I do not manage to find any relevant information about this subject, what is the best practice to include a text-to-speech engine inside rasa core ? I got my own TTS engine, I just want to switch between textual feedback to a synthesize one.

  • Should I implement this feature inside my action.py ?

  • Should I write my own dispatcher (via OutputChannel)?

Running into the same issue. Please let me know if you find any answer. Thanks.

Sure, I’m currently back engineering the source code! I’ll let you know

Thanks for quick reply. Which technology are you using for TTS? Are there any open source tools for Text-To-Speech and Speech-To-Text? Thanks.

There are several and they are getting better, but they don’t come close to Google quality yet.

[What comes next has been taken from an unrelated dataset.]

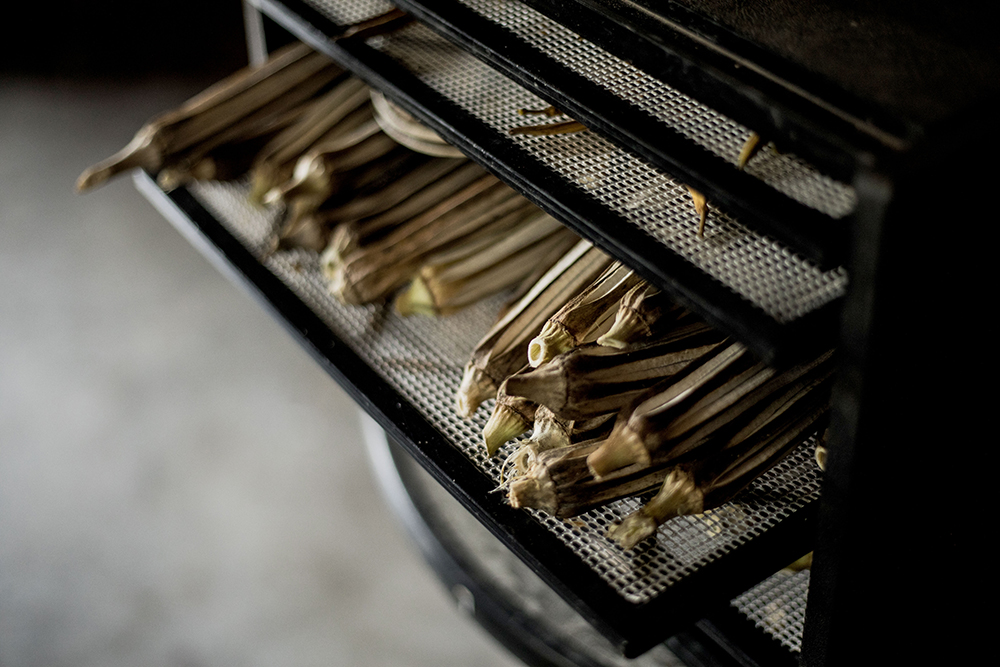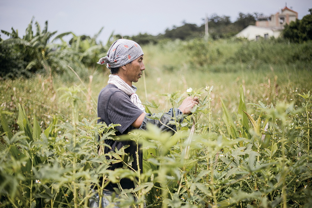 農夫、醫師、樂手,這天等著我們到訪的黎旭瀛是位農人,三芝番社前有座「幸福農場」,外頭直立整齊稻草擺放著,裡頭各式乾果、稻草隨性倒掛,開放式廚房在紅磚厝中格外醒目,空氣中散佈著秋葵烘乾後的香味,他安排了除草、採收秋葵,一個上午大夥在農場悠閒穿梭。「開始的契機是女兒得了異位性皮膚炎,想要讓她吃健康食材調整體質,當醫生會知道用什麼藥最快能達到療效,但治標不治本,最快可以改變生活型態其實是「飲食」,便開始種起健康、自然的食材。這樣做之後,女兒異位性皮膚炎半年就好了!所以才知道飲食真的是很重要。十幾年前找到這塊地,趁著工作外,利用空閒時間投入農耕,技術方面邊做邊學,由失敗中學習,幸好有很好的前輩指點,還有自己不斷的藉著實作學習。當你更仔細觀察作物生長變化,傾聽自然的聲音,你會發現真正老師是自然本身,而不是書上生硬的法則。」 幸福農場有著農人體驗,為的是讓更多的人能了解健康的食材得來不易,友善農地耕作方式成了每個人應有的知識。

  • For the ASR (speech-to-text) : Last summer, my job was to build an embedded speech recognizer that could run on a Jetson TX2 with realtime capability. My work was inspired by a mix of DeepSpeech (Mozilla) and Wave2letter (Facebook) architecture. If you are new to the subject, I suggest to use Keras as it has a “friendly” programming interface. There are several implementations of such architectures if you googleit!
  • For the TTS (text-to-speech) : I’m currently using a solution from a sister company called Acapela. If I had to build my own, the best implementation is called “Tacotron 2” from google. I think there are some implementation on github.



Thank you Asokolow. I’m pretty much new to ASR & TTS technologies. Will look into Keras & Tacotron 2. My requirment is to build a ChatBOT with speech cabalities which would need to be integrated into Angular 6 web application.

If your targeted application is web-based, I suggest to have a look at TensorflowJS instead of Keras! Tensorflow is a bit more complex than Keras but it is worth every penny (a.k.a time)!